DFKI-LT at QAST 2007: Adapting QA Components to Mine Answers in Speech Transcripts

Bogdan Sacaleanu; Günter Neumann; Christian Spurk
In: A. Nardi; C. Peters (Hrsg.). In online proceedings of CLEF 2007 Working Notes. Conference and Labs of the Evaluation Forum (CLEF), Online-Proceedings, 2007.

Zusammenfassung

The paper describes QAst-v1 a robust question answering system for answering factoid questions in manual and automatic transcriptions of speech.
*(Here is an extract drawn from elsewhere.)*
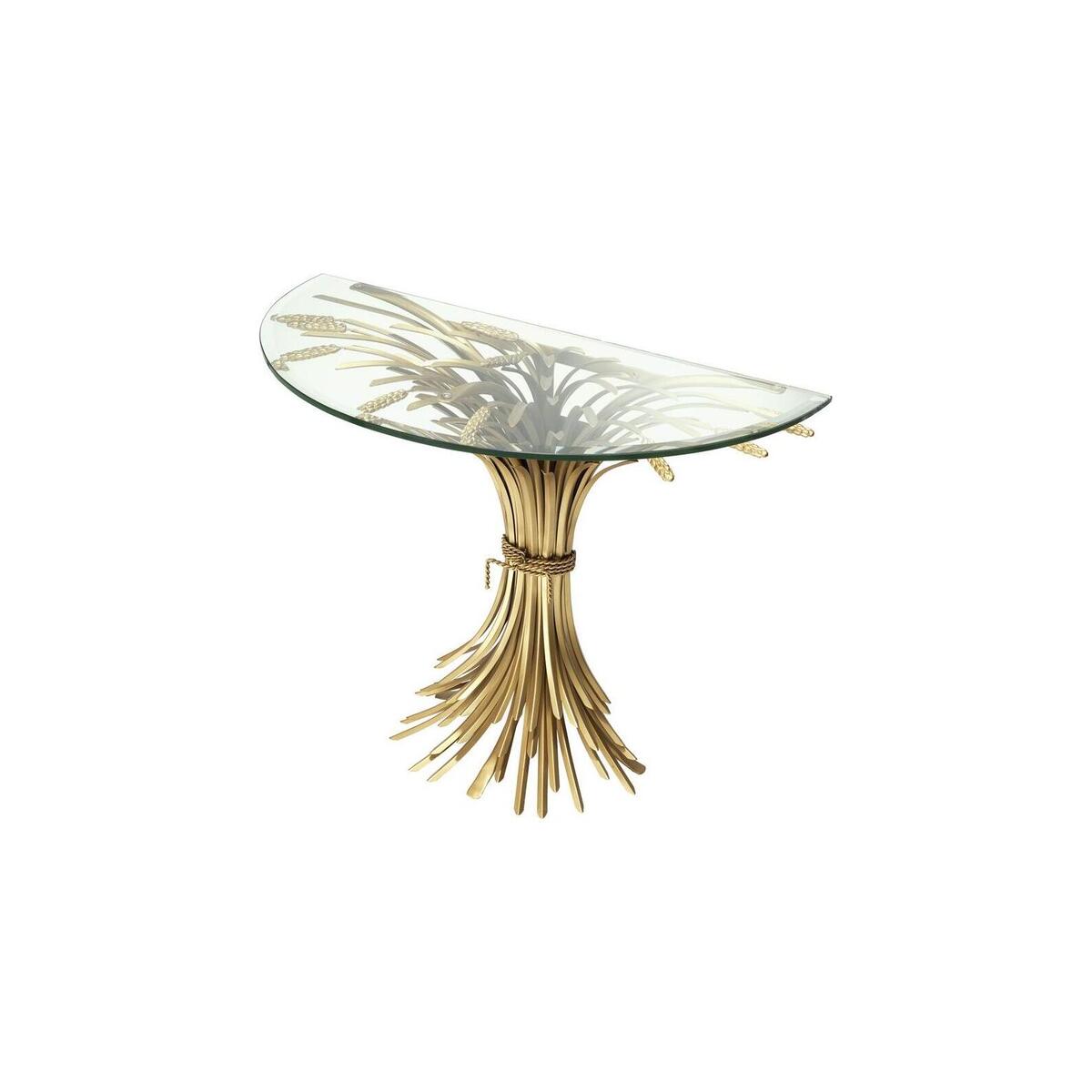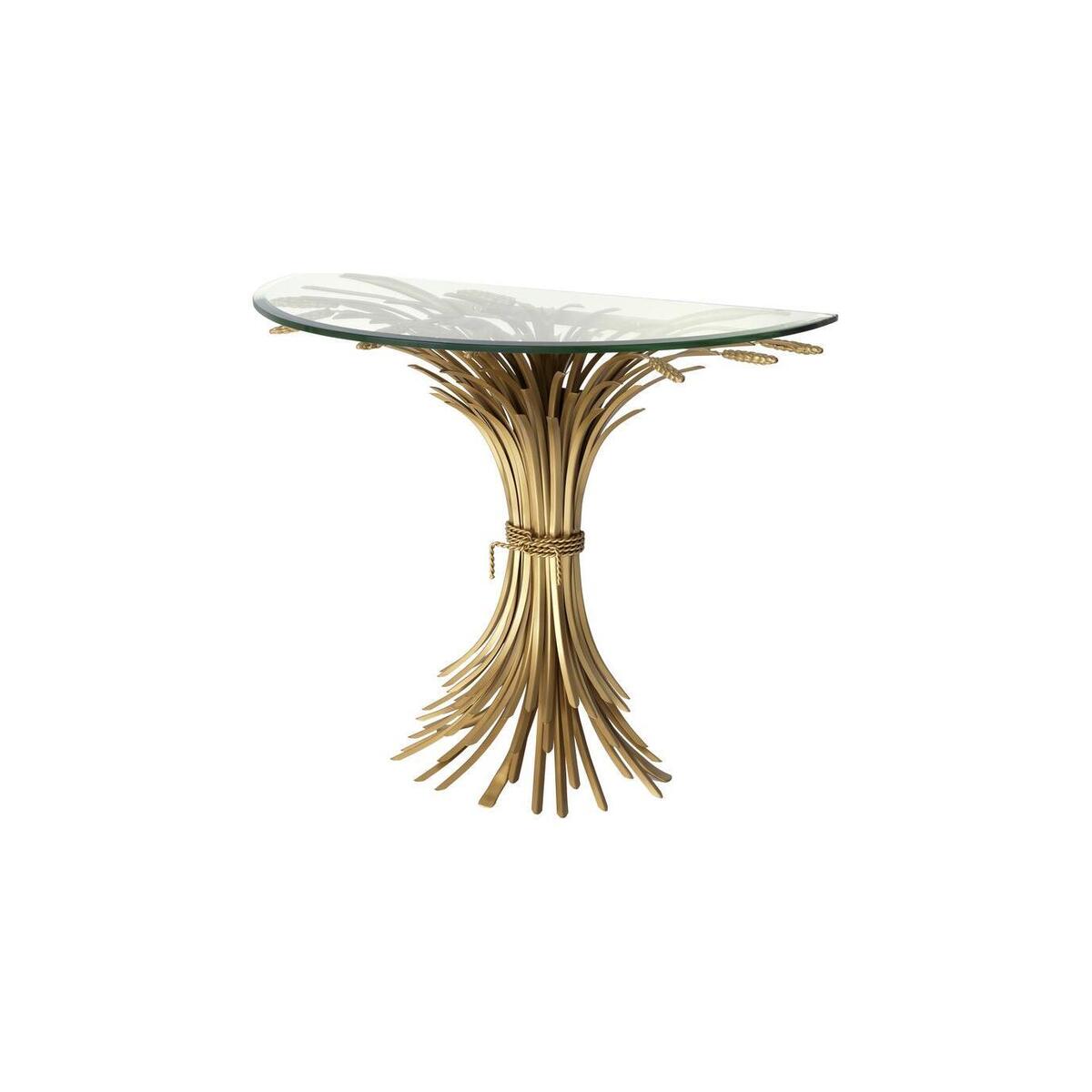 Sculpted from iron in an antique gold finish, the dazzling Bonheur Console Table includes a sheaf-shaped base and a bevelled clear glass tabletop. Originally a symbol of prosperity and hospitality, the sheaf signifies one has worked hard and is now enjoying the good life. Downloads:. Item specification sheet. Finish: Antique gold finish | bevelled clear glass. *Moot Trading Ltd is not a lender and acts only as an introducer. The credit product is provided by Klarna Bank AB (publ). Credit is only available to permanent UK residents aged 18 and over, subject to status. Terms and conditions apply. Please note that the following products are not regulated by the FCA: Pay in 30 days and Pay in 3 instalments. Read More.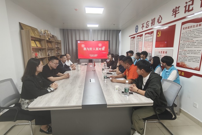 为进一步激励学生践行社会主义核心价值观,争做新时代优秀大学生。10月16号下午,蚌埠好人朱子桥来到DUOBAO.COM电气与电子工程学院与导生团开展“好人模范进校园,榜样力量润人心”宣讲活动。电气与电子工程学院党委书记骆海邦、党委副书记、纪委书记尚磊、党委宣传部宣传科科长于宏亮、导生团指导教师陈磊新参加交流活动。

Our system is an adaptation of our text based crosslingual open-domain QA system that we used for the Clef main tasks. In particular we assume that good answer candidates to factoid questions are named entities which are type-compatible with the expected answer type of the question. The main features of QAst-v1 are: use of preemptive off-line annotation of speech transcripts with sentence boundaries, chunk structures and named entities (NEs); construction of a fulltext search index using words and all found NEs; use of robust Wh-analysis component to determine shallow dependency structures, recognition of NEs, and expected answer type (EAT); use of EAT-driven retrieval of sentences and answer candidates; use of redundancy as an indicator of good answer candidates. The main focus of our effort was on the technical realization of a first QAST research prototype making use of as many of our existing QA components as possible. The results of evaluating the system's performance by QAST 2007 were as follows: for subtask T1 (Question-Answering in manual transcriptions of lectures) we achieved an overall accuracy (ACC) of 15% and a mean reciprocal rank (MRR) of 0.17; for subtask T2 (Question-Answering in automatic transcriptions of lectures) we obtained 9% (ACC) and 0.09 (MRR).